These services may or may not be covered by your HealthPartners plan. Please see your plan documents for your specific coverage information. If there is a difference between this general information and your plan documents, your plan documents will be used to determine your coverage.
Soliris is generally covered when:
- Prescribed by a specialist; and,
- Prescribed for
- paroxysmal nocturnal hemoglobinuria (PNH) to reduce hemolysis and when used according to the FDA-approved regimen of 600 mg infused every 7 days for the first 4 weeks, followed by 900 mg for the fifth dose 7 days later, and then 900 mg every 14 days thereafter; and,
- Patients 18 years and older with atypical hemolytic uremic syndrome (aHUS) not caused by Shiga toxin E. coli when used to inhibit complement-mediated thrombotic microangiopathy when used according to the FDA-approved regimen of
- mg weekly for the first 4 weeks, followed by 1200 mg for the fifth dose 1 week later, then 1200 mg every 2 weeks thereafter.
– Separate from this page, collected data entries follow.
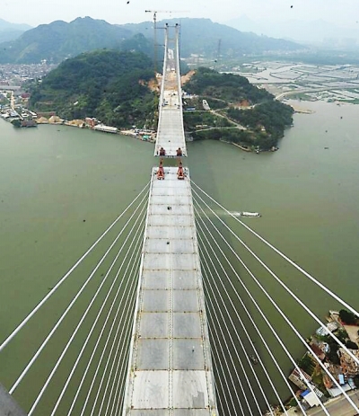 據(jù)悉,長(zhǎng)門(mén)特大橋自2016年1月正式開(kāi)工以來(lái),面臨多次16級(jí)臺(tái)風(fēng)正面登陸,由于橋的中跨高度很高,在江面60米以上,支架24小時(shí)都在伸縮變化,平均有效作業(yè)天數(shù)很有限,施工進(jìn)度受影響。廣大建設(shè)者克服塔梁墩固結(jié)區(qū)受力復(fù)雜、塔柱結(jié)構(gòu)變化多、臨時(shí)結(jié)構(gòu)多樣,以及超高超寬超重現(xiàn)澆箱梁施工、水文狀況復(fù)雜、氣候多變、高空作業(yè)多、安全風(fēng)險(xiǎn)高等諸多困難,相繼高效安全地完成了主塔樁基、大體積混凝土承臺(tái)、高索塔、邊跨現(xiàn)澆混凝土箱梁及大橋中跨鋼箱梁吊裝、斜拉索掛設(shè)等施工任務(wù),最終完成大橋合龍目標(biāo)。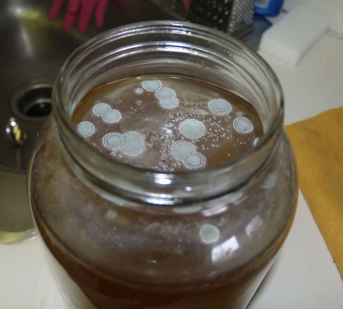 - Если появился бурый налёт, значит гриб гибнет. Чтобы этого избежать, нужно вовремя сливать настойку, а также правильно ухаживать за медузомицетом.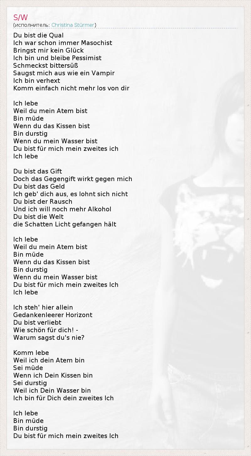 Это интересно:Эта миловидная брюнетка, подобно штурму, ворвалась в австрийские, немецкие и швейцарские хит-парады, ее концерты собирают тысячи поклонников, радиостанции с удовольствием крутят ее песни, и она очень комфортно чувствует себя в новой роли – в роли звезды, так как больше всего в этой жизни любит музыку. А еще ей нравится кино, хороший кофе, пицца, водка и Паоло Коэльо. Кристина Штюрмер является... продолжение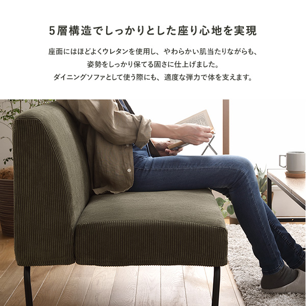 ダイニングソファとして使う際にも、適度な弾力で体を支えます。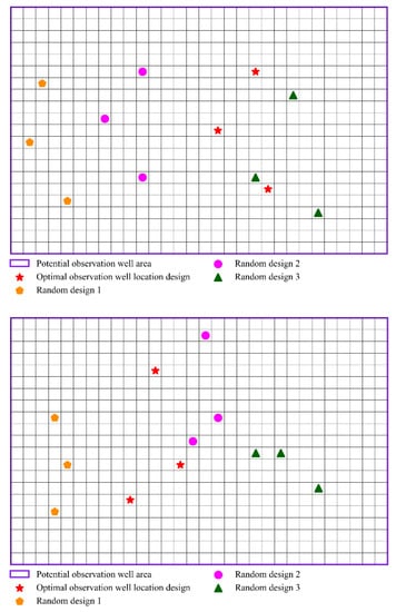 According to the constructed MLP surrogate model and Equations (5)–(7), the values of are obtained for all of the potential OWLs. According to the meaning of IE, the observation well design scheme with the minimum value of is regarded as the optimal observation well design scheme. Three optimal OWLs were obtained to suit the needs of the two case studies.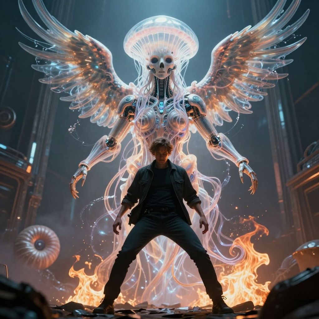 Digital artwork of a man standing before a glowing, ethereal, winged skeleton with fiery backdrop in a dark, futuristic cathedral.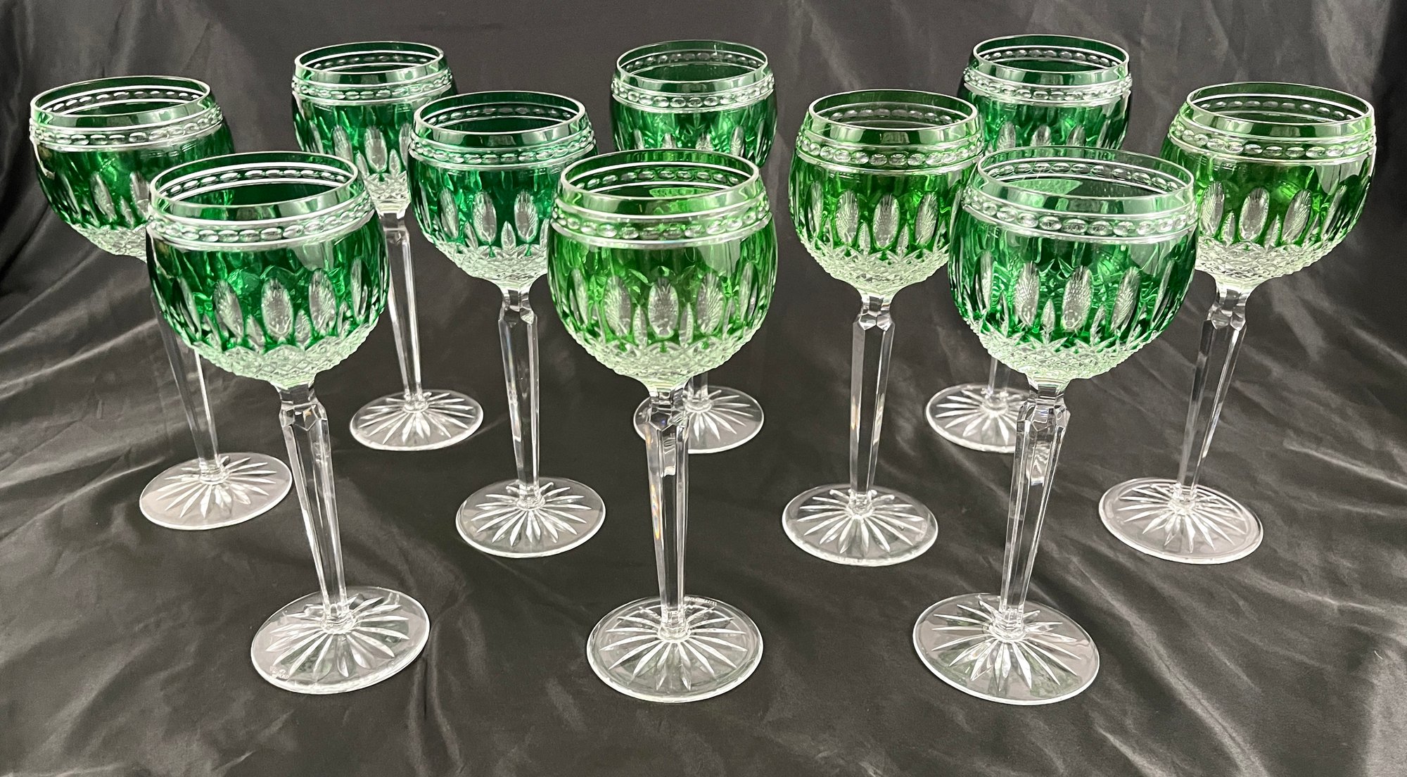 Waterford Crystal wine glasses. 8" x 2 3/4". Signed

- The patient and/or guardian has attested that they will adhere to the treatment plan; and,
Soliris is a complement inhibitor indicated for:
- The treatment of patients with paroxysmal nocturnal hemoglobinuria (PNH) to reduce hemolysis.
- The treatment of patients with atypical hemolytic uremic syndrome (aHUS) to inhibit complement-mediated thrombotic microangiopathy.
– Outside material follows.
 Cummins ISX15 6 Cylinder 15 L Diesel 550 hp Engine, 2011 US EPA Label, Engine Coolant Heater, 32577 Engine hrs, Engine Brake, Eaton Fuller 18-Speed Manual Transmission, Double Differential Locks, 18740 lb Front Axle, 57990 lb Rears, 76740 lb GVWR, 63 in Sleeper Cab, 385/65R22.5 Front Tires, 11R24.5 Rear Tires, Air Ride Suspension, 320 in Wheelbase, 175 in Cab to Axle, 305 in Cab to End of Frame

The effectiveness of Soliris in aHUS is based on the effects on thrombotic microangiopathy (TMA) and renal function.
Paroxysmal nocturnal hemoglobinuria (PNH) is an acquired hematopoietic stem cell disorder where blood cells lack important complement inhibitors on the cell surface. This makes red blood cells susceptible to breakdown resulting in complications such as clot formation and deposition throughout the body.
Atypical hemolytic uremic syndrome (aHUS) is a genetic disease that results in uncontrolled activation of the complement system, resulting in the formation of blood clots in small blood vessels throughout the body.
If available, codes are listed below for informational purposes only, and do not guarantee member coverage or provider reimbursement. The list may not be all-inclusive.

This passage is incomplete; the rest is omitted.